37. Group Anagrams

Problem Statement

Given an array of strings strs, group the anagrams together. You can return the answer in any order.

An Anagram is a word or phrase formed by rearranging the letters of a different word or phrase, typically using all the original letters exactly once.

Example 1:

Input: strs = ["eat","tea","tan","ate","nat","bat"] Output: [["bat"],["nat","tan"],["ate","eat","tea"]]

Example 2:

Input: strs = [""] Output: [[""]]

Example 3:

Input: strs = ["a"] Output: [["a"]]

Solution

from collections import defaultdict

class Solution:
    def groupAnagrams(self, strs: list[str]) -> list[list[str]]:
        # Use a defaultdict where keys are sorted tuples of characters
        # and values are lists of anagrams.
        anagram_groups = defaultdict(list)

        for s in strs:
            # Sort the string to create a canonical key for anagrams
            # e.g., "eat" -> "aet", "tea" -> "aet", "ate" -> "aet"
            sorted_s = ''.join(sorted(s))
            anagram_groups[sorted_s].append(s)

        # Return the values (lists of anagrams) from the dictionary
        return list(anagram_groups.values())

Explanation

The core idea to group anagrams is to find a canonical representation for each group of anagrams.
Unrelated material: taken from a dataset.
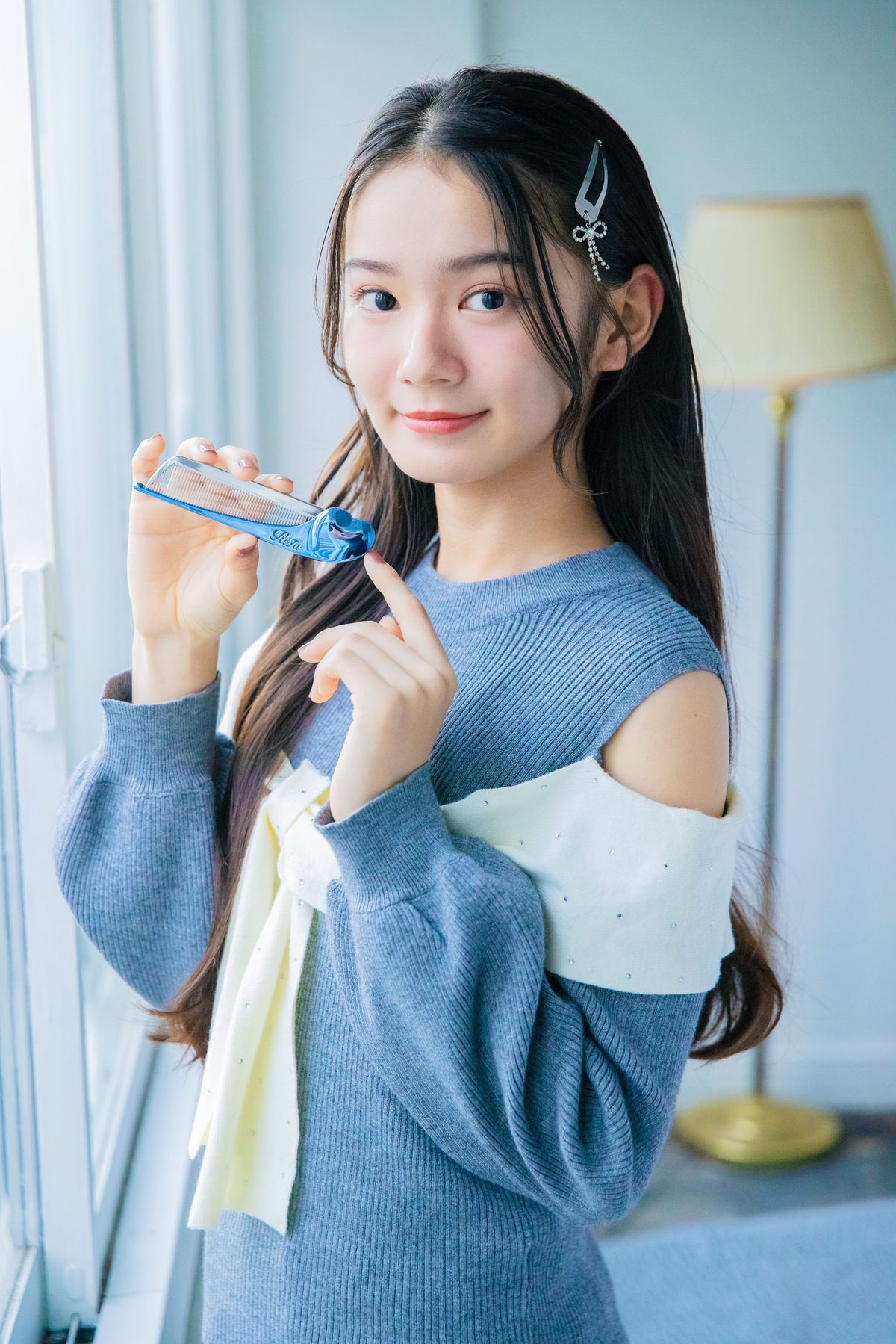アンナ☆リファハートコーム アイラ アクアブルー¥2970/エムティージー ニット¥4900/ブルーデイジー(ホープス) ヘアピン(2個セット)¥880/SPINNS

Since anagrams contain the same characters with the same frequencies, sorting the characters of an anagram will always result in the same string.

  1. Canonical Key: For each string in the input list strs, we sort its characters alphabetically. For example, "eat", "tea", and "ate" all become "aet" after sorting. This sorted string acts as a unique key for all its anagrams.

  2. Hash Map (DefaultDict): We use a hash map (specifically, collections.defaultdict(list) in Python) where:

    • The keys are the sorted strings (our canonical representation).
    • The values are lists of the original strings that produce that sorted key.
  3. Grouping: We iterate through the input strs. For each string s, we sort it to get its sorted_s key. We then append the original string s to the list associated with sorted_s in our anagram_groups dictionary.

  4. Result: Finally, we extract all the values from the anagram_groups dictionary. Each value is a list of strings that are anagrams of each other.

The time complexity is O(N * K log K), where N is the number of strings in strs and K is the maximum length of a string. This is because for each of the N strings, we sort it, which takes K log K time. The space complexity is O(N * K) in the worst case, where all strings are unique and stored in the dictionary.